The Myanmar National Democratic Alliance Army (MNDAA) ousted Myanmar's military from the city of Lashio in August 2024, capturing their northeastern command and a key trade route to China.
Analysts say it was the worst strategic loss the military suffered since seizing power in a 2021 coup that sparked a civil war pitting the generals against anti-coup fighters and long-active ethnic armed groups.
But Chinese foreign ministry spokesman Guo Jiakun told reporters the MNDAA is set to relinquish the city to the military without firing a shot.
"At the joint invitation of both sides, China recently dispatched a ceasefire monitoring team to Lashio, Myanmar, to oversee the ceasefire between the Myanmar military and the MNDAA and to witness the smooth and orderly handover of Lashio's urban area," he said.
China is a major ally and arms supplier of the junta but also maintains ties with ethnic rebel groups that hold territory near its border like the MNDAA, which can muster around 8,000 fighters.
Monitors have said the fall of Lashio -- around 100 kilometres (62 miles) from Chinese territory -- was a step too far for Beijing, which balked at the prospect of instability on its borders.
- Military movements in Lashio -
The MNDAA has not commented on the handover and a spokesman for Myanmar's military could not be reached by AFP for comment.
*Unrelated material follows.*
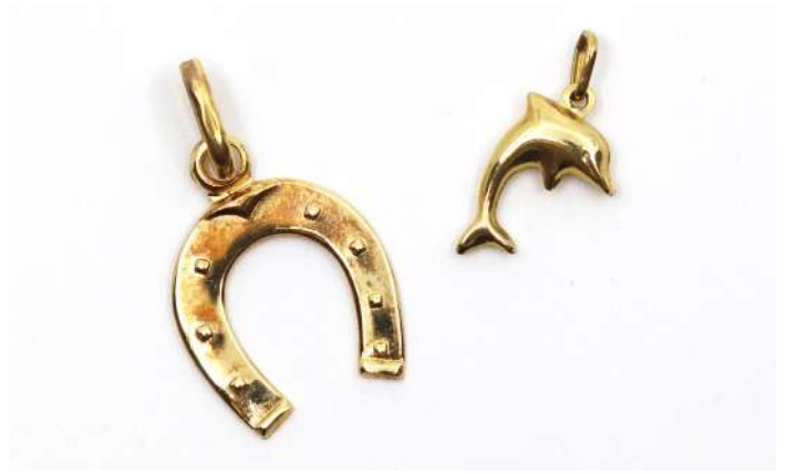
13| Ensemble pour enfant comprenant : - un pendentif en or jaune stylisant un fer à cheval. Poids : 1 g - un pendentif en or jaune stylisant un dauphin. Poids : 0,1 g

But a military source, speaking on condition of anonymity, told AFP: "Some military officers have been transferred to Lashio in recent days. Some are on their way to Lashio already."
One Lashio resident this week told AFP they had been turned away by an MNDAA checkpoint outside a hotel, after being told members of the group were meeting Myanmar military officials inside.
And a spokesman for the Lashio office of another ethnic armed organisation, allied with the MNDAA, told AFP they were "seeing military vehicles in town".
In late 2023, the MNDAA and two other ethnic rebel groups began a combined offensive which seized swathes of Myanmar's northern Shan state, including lucrative ruby mines and trade links.
Beijing has long been eyeing the territory for infrastructure investment under its trillion-dollar Belt and Road infrastructure initiative.
After Lashio's fall China cut power, water and internet to the MNDAA's homeland region of Kokang, a source close to the group told AFP.
In December it said it would cease fire and was ready for China-mediated "peace talks with the Myanmar army on issues such as Lashio".